Я попрощался с Флавией Принс и отправился палубой ниже, где ждали Рамадин и Кассий. Мы следили, как работает мистер Хейсти, пока он не поднял глаза, — тогда мы помахали. Он поднял защитные очки на лоб, признал нас и тоже помахал. Я надеялся, что моя опекунша все еще стоит, где стояла, и видит происходящее. Потом мы пошли дальше, выступая довольно гордо. Мистер Хейсти понятия не имел, как много значил для нас этот жест узнавания.

* * *

Не знаю, что тому виной — ее все возрастающий успех в свете или мое вранье после шторма, но только Флавии Принс, похоже, больше не хотелось меня опекать. Встречи наши стали по ее почину совсем краткими, проходили на открытой палубе, и она, как инспектор по делам несовершеннолетних, ограничивалась двумя-тремя вопросами:

— Каюта у тебя хорошая?

Я специально потянул паузу:

— Да, тетушка.

Она жестом приказала мне приблизиться, явно чем-то заинтересовавшись:

— А чем ты занимаешься целыми днями?

Я решил умолчать про визиты в генераторную и про то, как будоражила меня мокрая одежда австралийки под душем.

— По счастью, — откликнулась тетя на мое молчание, — мне удалось проспать почти все время, пока мы проходили канал. Такая жара…

Она опять начала перебирать свои украшения, и у меня вдруг мелькнула мысль, что следовало бы сообщить барону номер каюты моей опекунши.

Но барона уже не было на борту. Он сошел в Порт-Саиде, а с ним — дочь Гектора де Сильвы.

Я случайно услышал чью-то реплику: он, мол, утешает симпатичную дочку Гектора де Сильвы, и мне стало ясно — он уговорил ее стать соучастницей в преступлениях, достойных джентльмена, кормил ее печеньем и поил тем самым замечательным чаем в уединении собственной каюты. Сходя на берег, он нес плоский саквояж, в котором вполне могли лежать ценные бумаги, а возможно, и портрет самой мисс де Сильвы, который, как мне было известно, находился именно у барона. Он кивнул мне на прощание с верхней ступеньки трапа, а Кассий ткнул меня в бок — я ведь уже поведал ему о своем участии в ограблениях, преувеличив, разумеется, свою роль. Мисс де Сильва ступала с ним рядом, окруженная коконом молчания. Возможно, то было горе. Или барон успел загипнотизировать ее своими чарами?

Сами мы не сходили в Порт-Саиде на берег. Остались посмотреть на фокусника «гулли-гулли» и видели с палубы, как он подплыл на каноэ и принялся извлекать цыплят из рукавов, из брюк и из-под шляпы. Потом чихнул, вытащил из носу канарейку и выпустил в небо над портом. Каноэ покачивалось на неспокойной воде, «гулли-гулли» запрыгал от боли, когда петух высунул свою увенчанную гребнем голову из передка его брюк. Потом нам показали, как из его рукавов высыпаются змеи. Они свернулись у его ног в два безупречных круга и даже не шелохнулись, когда в каноэ дождем посыпались монеты.

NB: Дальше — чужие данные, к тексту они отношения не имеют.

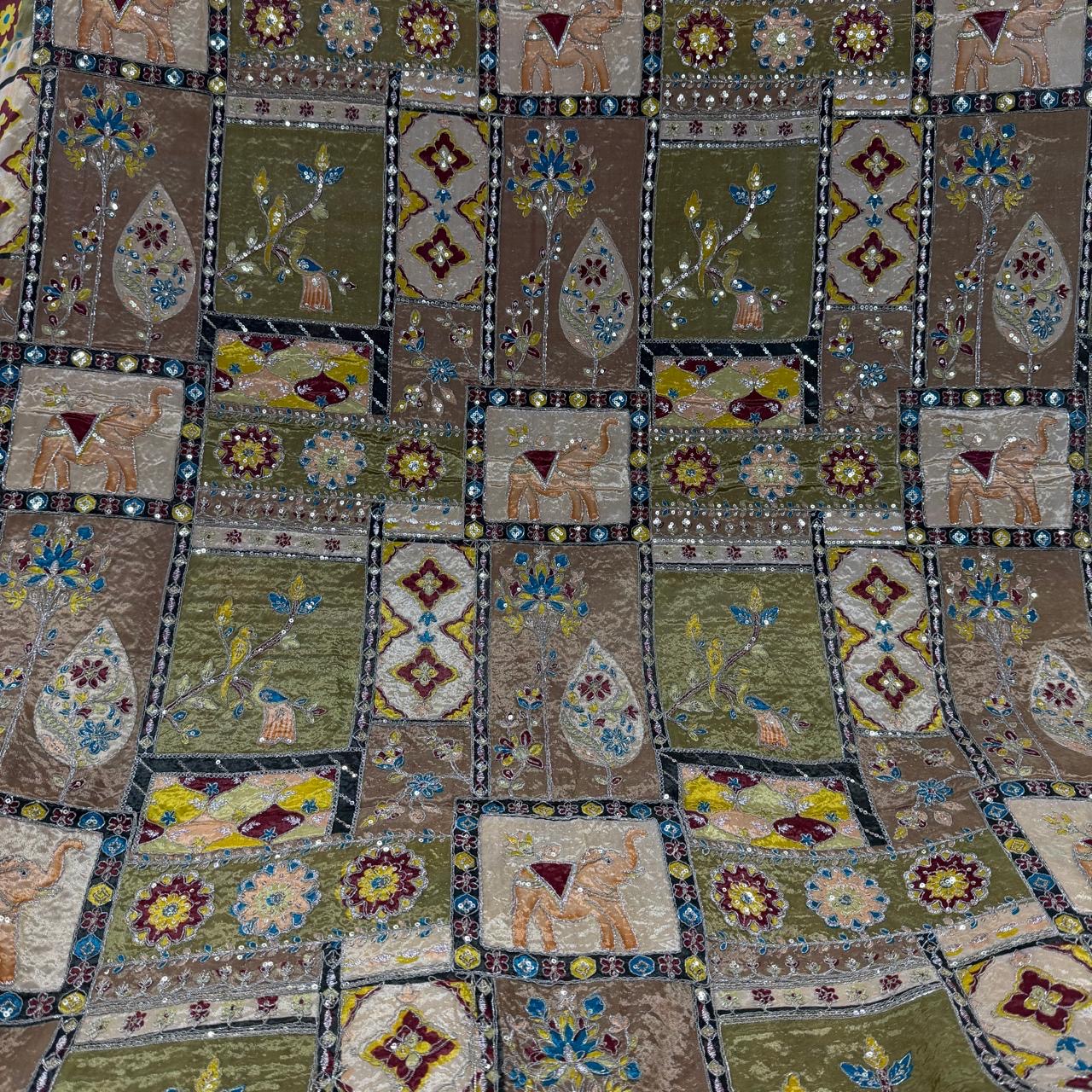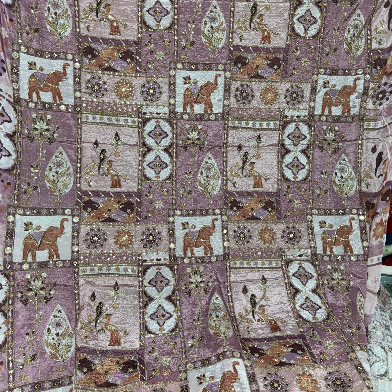 Add timeless elegance to your festive and wedding creations with this premium pure natural crepe fabric featuring an artistic allover design with beautiful elephant motifs and floral work combined with classy position printing ✨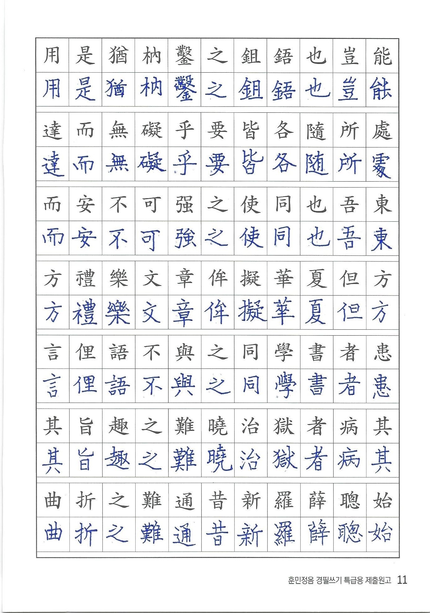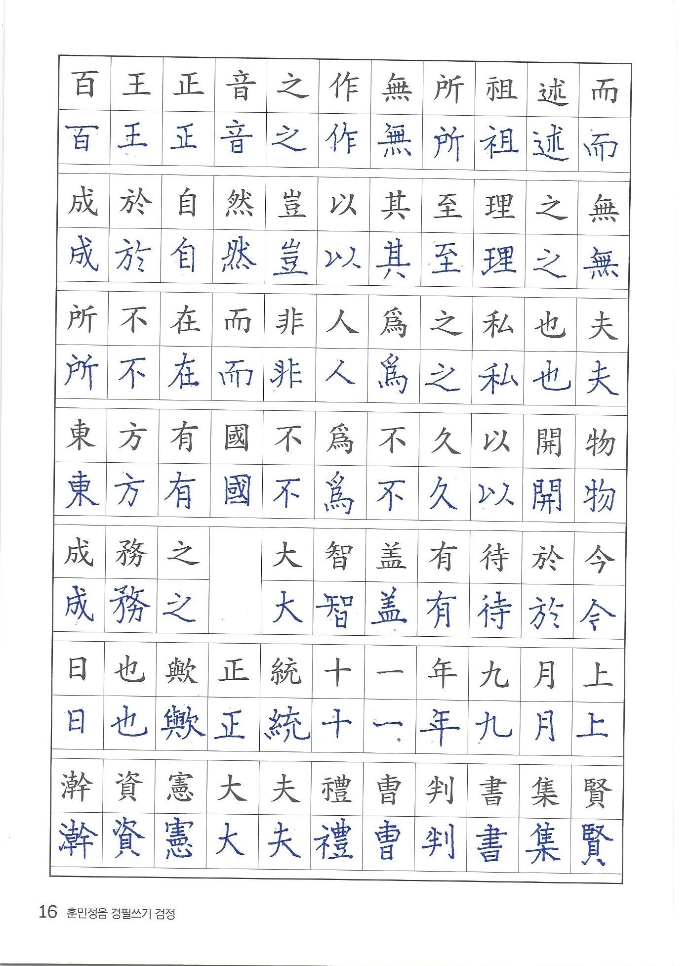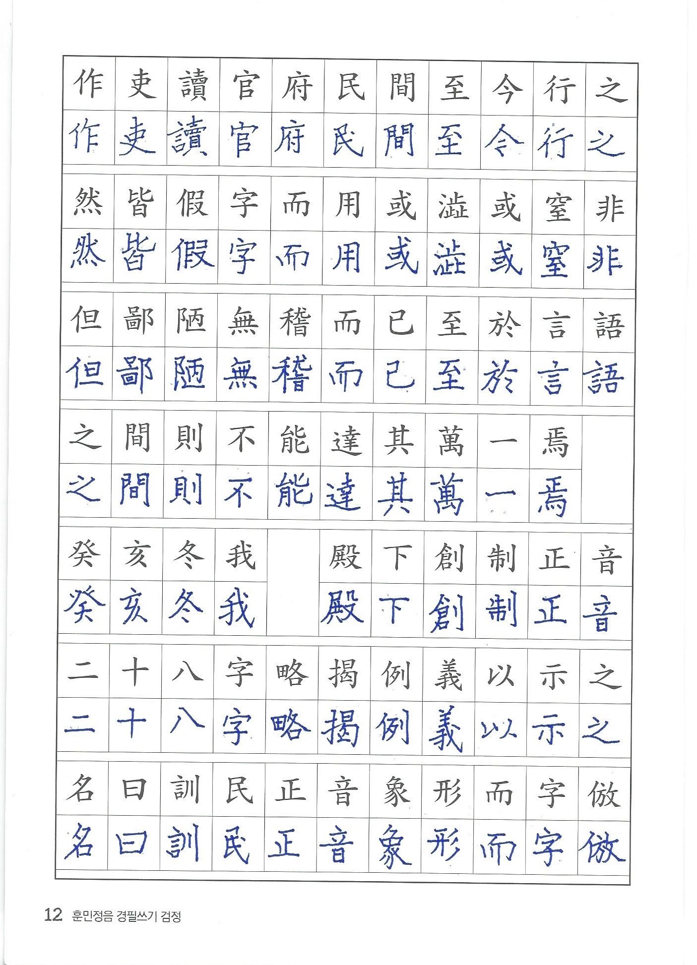 훈민정음 경필쓰기 검정

Мы ушли из Порт-Саида на следующее утро, совсем рано. Приплыл на катере лоцман, взошел на борт и вывел нас из порта. Небрежностью повадки он напоминал того, который при помощи свистков и криков вел нас по каналу. Я вообразил себе, что они близнецы или уж всяко братья. Через полчаса лоцман спустился с мостика — сандалии без задников хлопали его по пяткам, а затем — в шедший за нами катер. С этого момента лоцманы становились все церемоннее. Марсельский явился на борт в рубашке с длинными рукавами, белых брюках и сияющих туфлях. Едва шевеля губами, он шептал указания, как заводить судно в гавань. Его предшественники ходили в шортах и редко вынимали руки из карманов. Первое, что они требовали, — это рюмочку и свежий сэндвич. Мне не хватало этого их «бездельничанья» — они ведь являлись будто любимые шуты, которые могут в течение часа-другого свободно разгуливать при дворе иностранного короля и вытворять что им вздумается. Но мы теперь были в европейских водах.

* * *

В Порт-Саиде нас покинул и мистер Мазаппа, известный также как Солнечный Луг. Я ждал его возвращения у трапа, даже когда трап собрали гармошкой и увезли. Ждала и мисс Ласкети, — правда, она удалилась, когда раздался непрерывный звон отправного колокола, точно крик упрямого ребенка. А потом трап разомкнулся с причалом.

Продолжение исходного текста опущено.